EXERCISE OBJECTIVE: Repeat each entry word for word; the images are not part of the copy.
### MATERIAL SHOWN ###
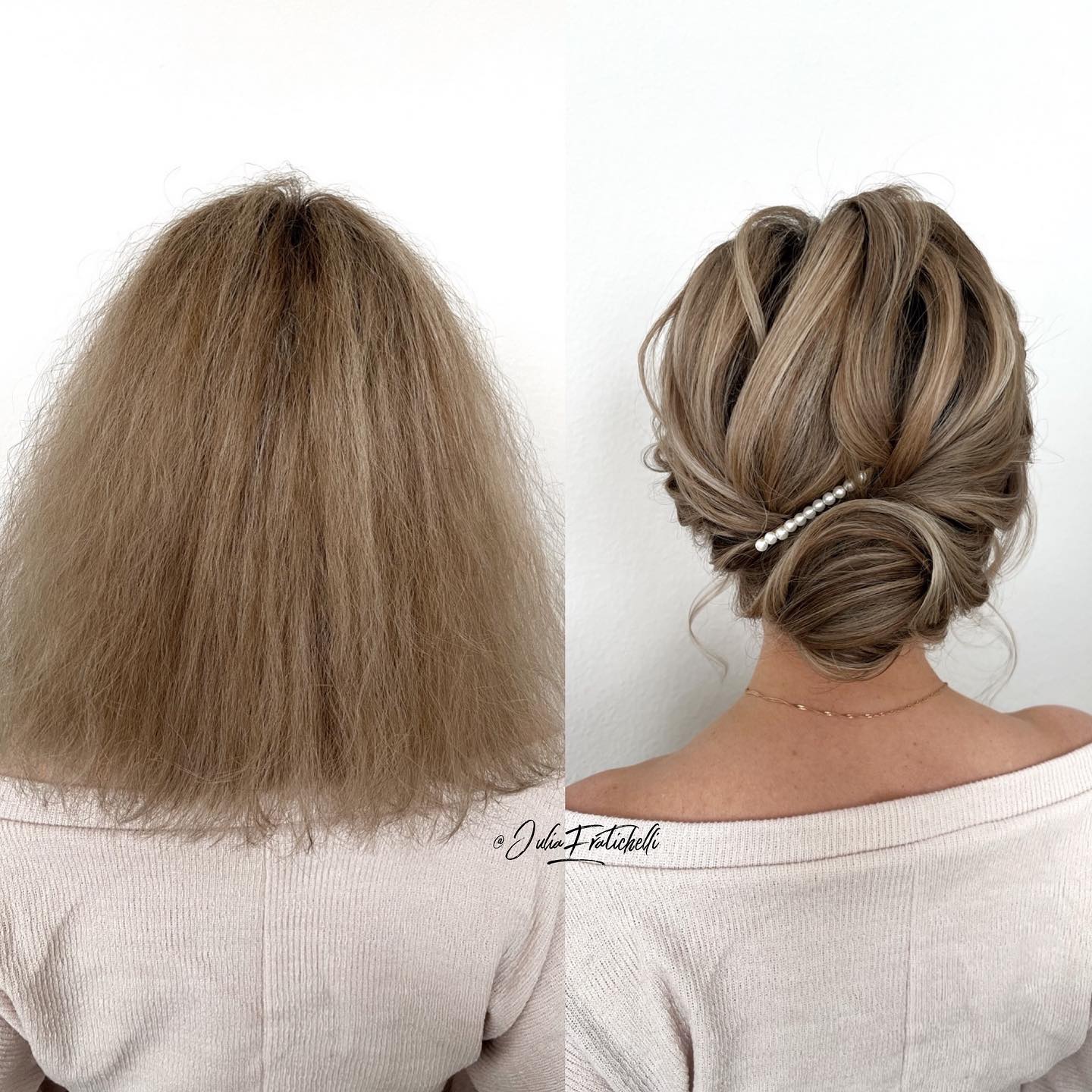 Il bob liscio ed elegante si trasforma senza sforzo in un updo voluminoso e strutturato, ornato da delicati accessori floreali. Questo stile è adatto a chi ha capelli fini o medi e aggiunge volume ai visi a forma di diamante o di cuore. Utilizzate uno spray volumizzante per aggiungere volume alle radici e fissate l’updo con forcine, terminando con una lacca a tenuta forte per mantenere intatto il look.
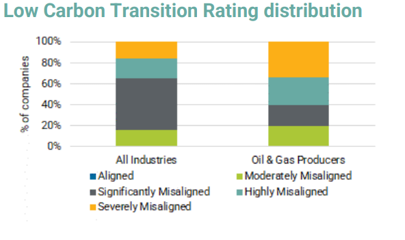 In fact, 60% of the companies in the oil and gas producer industry are currently categorized as Severely Misaligned or Highly Misaligned to meet future net zero targets.
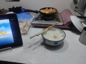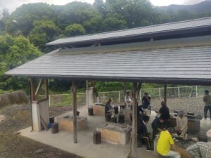 さっき近くを散歩してたら、すぐ下のキャンプ場の炊事場で地元の方たちがわいわいがやがやと楽しそうに宴会をやっていたのですよ。
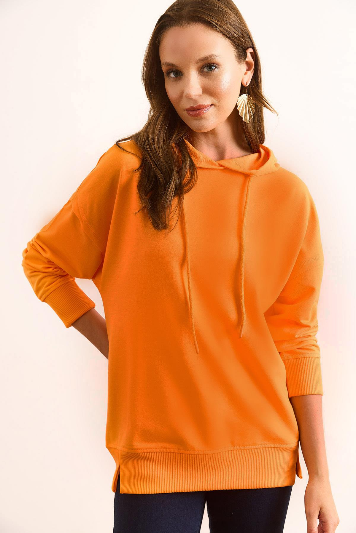 Kapüşonlu Yumuşak Dokulu 2 İp Sweatshirt Turuncu (SWT-19000719)
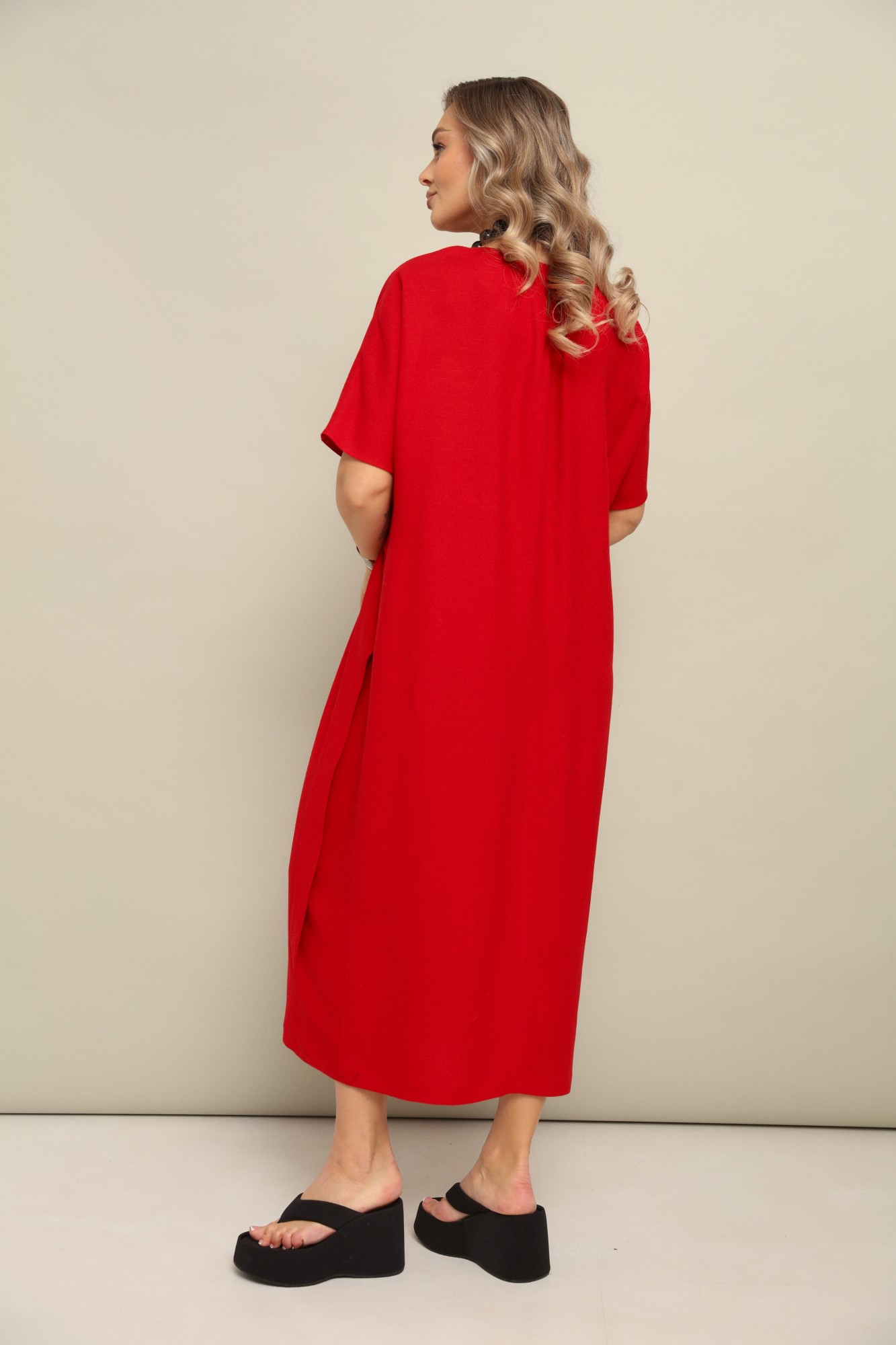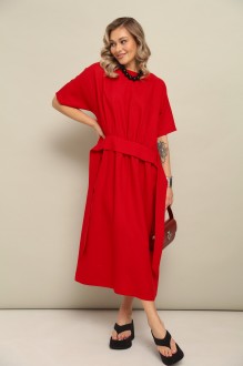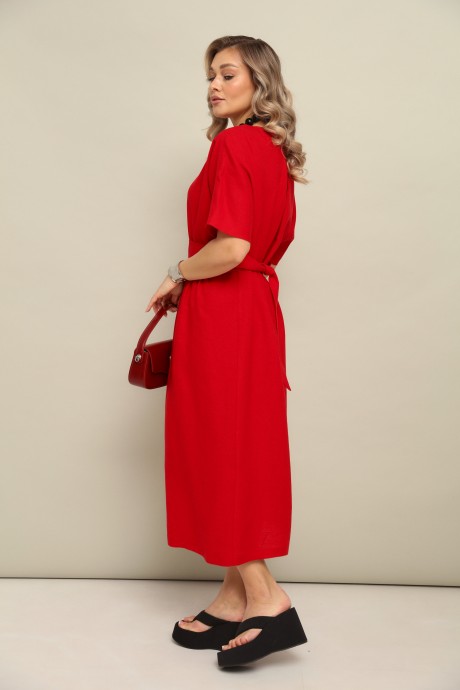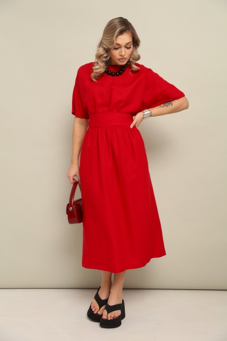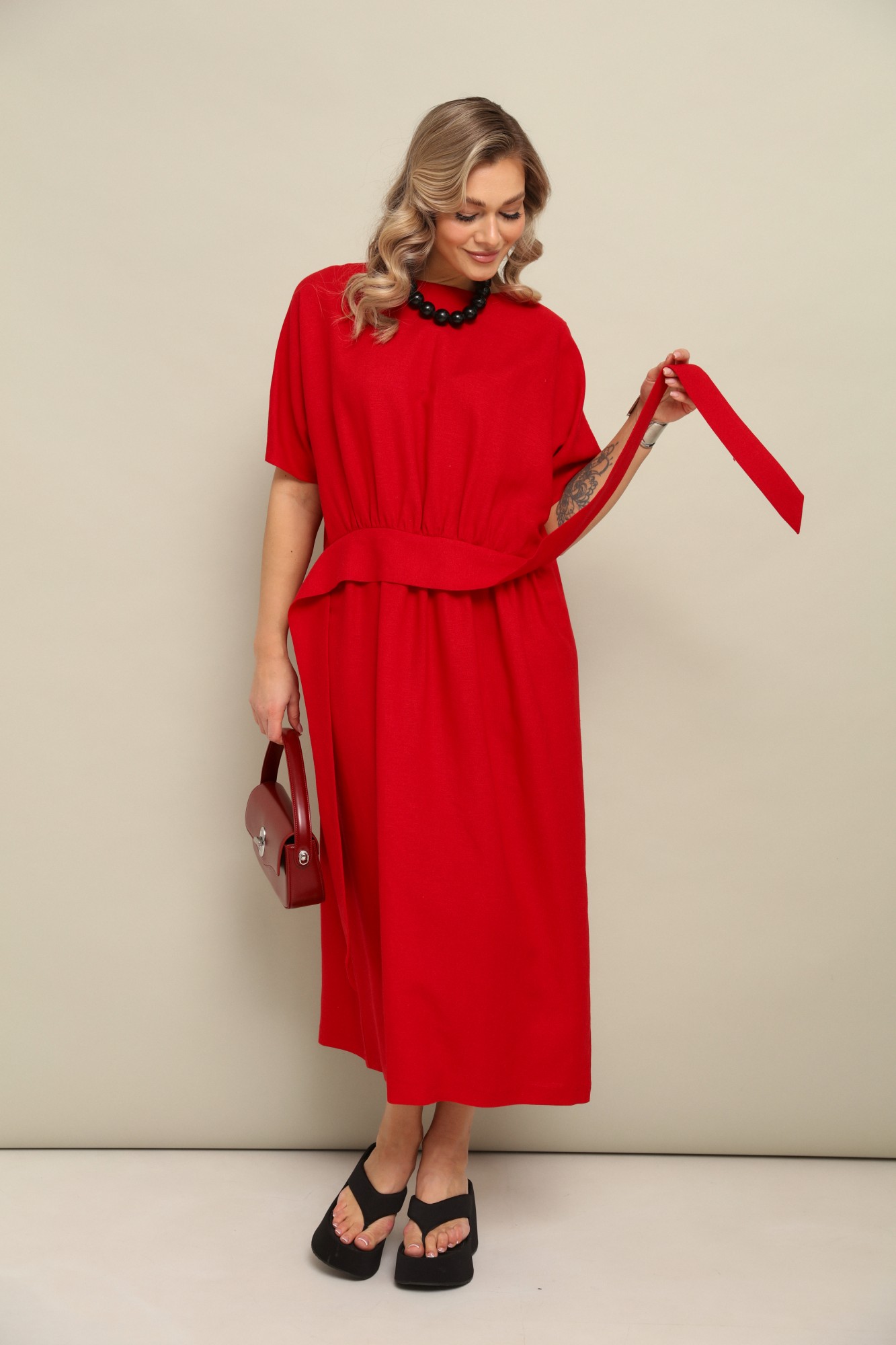 Платье длины миди со свободной юбкой и пришивным по переду поясом. Рукав цельнокроеный. По спинке встречные складки и застёжка по линии горловины на пуговицу.
###
SOLVED PROBLEM:
 Il bob liscio ed elegante si trasforma senza sforzo in un updo voluminoso e strutturato, ornato da delicati accessori floreali. Questo stile è adatto a chi ha capelli fini o medi e aggiunge volume ai visi a forma di diamante o di cuore. Utilizzate uno spray volumizzante per aggiungere volume alle radici e fissate l’updo con forcine, terminando con una lacca a tenuta forte per mantenere intatto il look.
 In fact, 60% of the companies in the oil and gas producer industry are currently categorized as Severely Misaligned or Highly Misaligned to meet future net zero targets.
 さっき近くを散歩してたら、すぐ下のキャンプ場の炊事場で地元の方たちがわいわいがやがやと楽しそうに宴会をやっていたのですよ。
 Kapüşonlu Yumuşak Dokulu 2 İp Sweatshirt Turuncu (SWT-19000719)
 Платье длины миди со свободной юбкой и пришивным по переду поясом. Рукав цельнокроеный. По спинке встречные складки и застёжка по линии горловины на пуговицу.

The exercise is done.